What is expected.
Could you reproduce every entry as it stands, leaving the pictures behind?

Stored dataset items
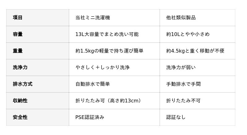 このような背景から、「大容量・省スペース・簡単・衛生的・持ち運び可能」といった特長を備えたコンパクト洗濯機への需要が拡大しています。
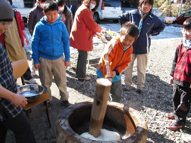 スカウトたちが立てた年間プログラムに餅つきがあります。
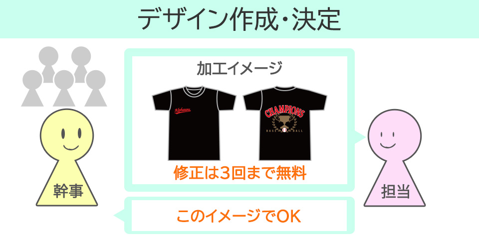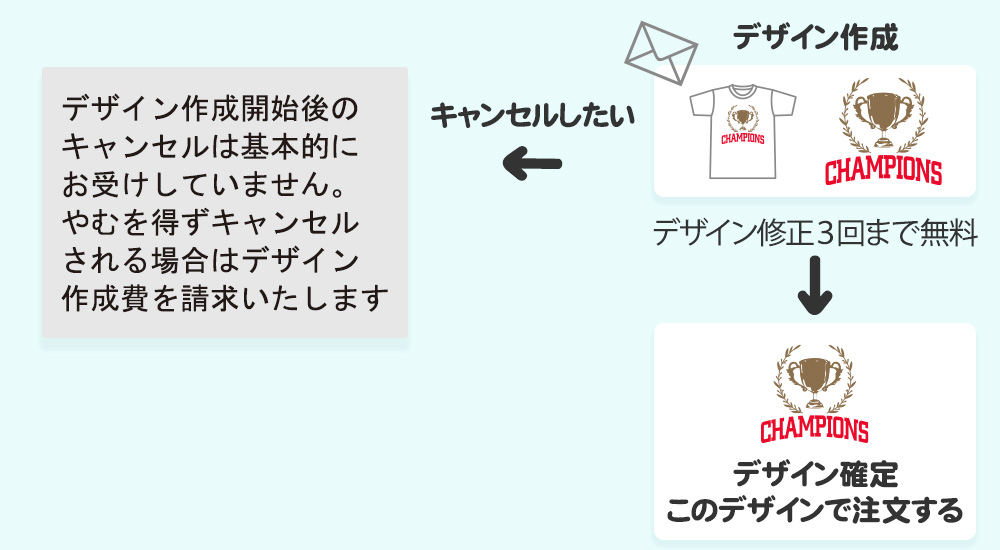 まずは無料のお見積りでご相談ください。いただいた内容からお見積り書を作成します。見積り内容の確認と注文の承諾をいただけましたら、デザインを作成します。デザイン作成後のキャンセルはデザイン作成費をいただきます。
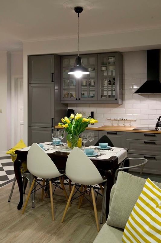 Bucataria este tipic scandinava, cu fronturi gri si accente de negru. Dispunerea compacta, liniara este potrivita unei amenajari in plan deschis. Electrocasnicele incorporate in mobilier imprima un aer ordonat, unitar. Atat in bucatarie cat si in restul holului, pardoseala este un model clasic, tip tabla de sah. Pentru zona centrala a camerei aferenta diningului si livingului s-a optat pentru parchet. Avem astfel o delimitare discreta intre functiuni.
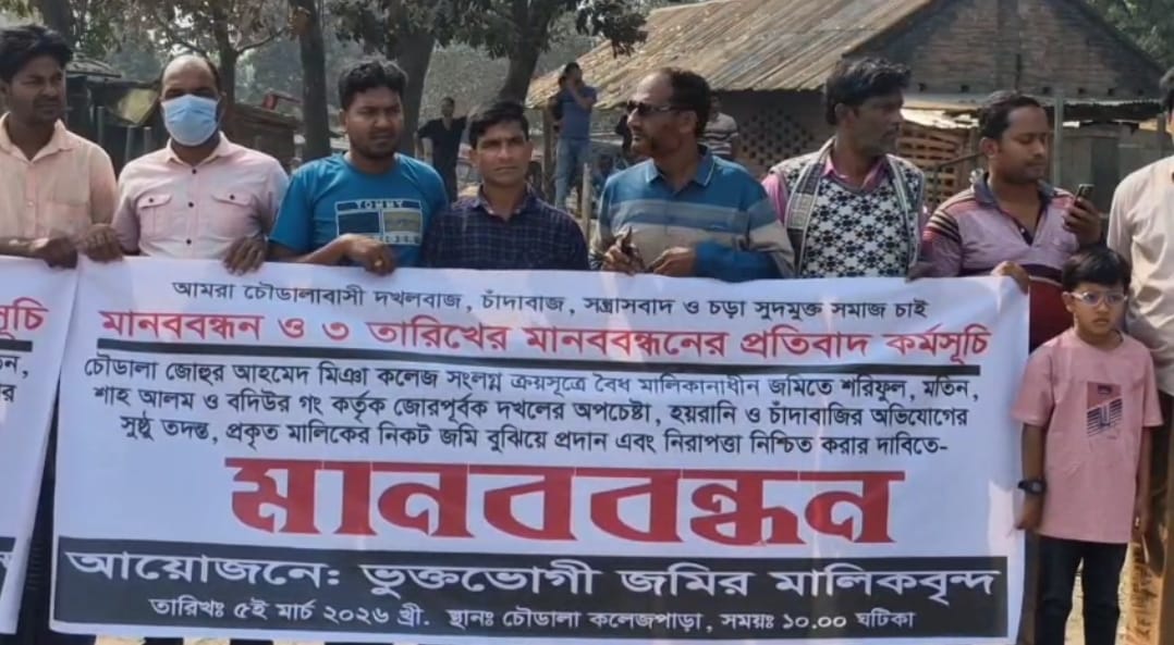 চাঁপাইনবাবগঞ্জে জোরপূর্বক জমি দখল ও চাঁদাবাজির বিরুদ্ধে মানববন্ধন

Your response.
 このような背景から、「大容量・省スペース・簡単・衛生的・持ち運び可能」といった特長を備えたコンパクト洗濯機への需要が拡大しています。
 スカウトたちが立てた年間プログラムに餅つきがあります。
 まずは無料のお見積りでご相談ください。いただいた内容からお見積り書を作成します。見積り内容の確認と注文の承諾をいただけましたら、デザインを作成します。デザイン作成後のキャンセルはデザイン作成費をいただきます。
 Bucataria este tipic scandinava, cu fronturi gri si accente de negru. Dispunerea compacta, liniara este potrivita unei amenajari in plan deschis. Electrocasnicele incorporate in mobilier imprima un aer ordonat, unitar. Atat in bucatarie cat si in restul holului, pardoseala este un model clasic, tip tabla de sah. Pentru zona centrala a camerei aferenta diningului si livingului s-a optat pentru parchet. Avem astfel o delimitare discreta intre functiuni.
 চাঁপাইনবাবগঞ্জে জোরপূর্বক জমি দখল ও চাঁদাবাজির বিরুদ্ধে মানববন্ধন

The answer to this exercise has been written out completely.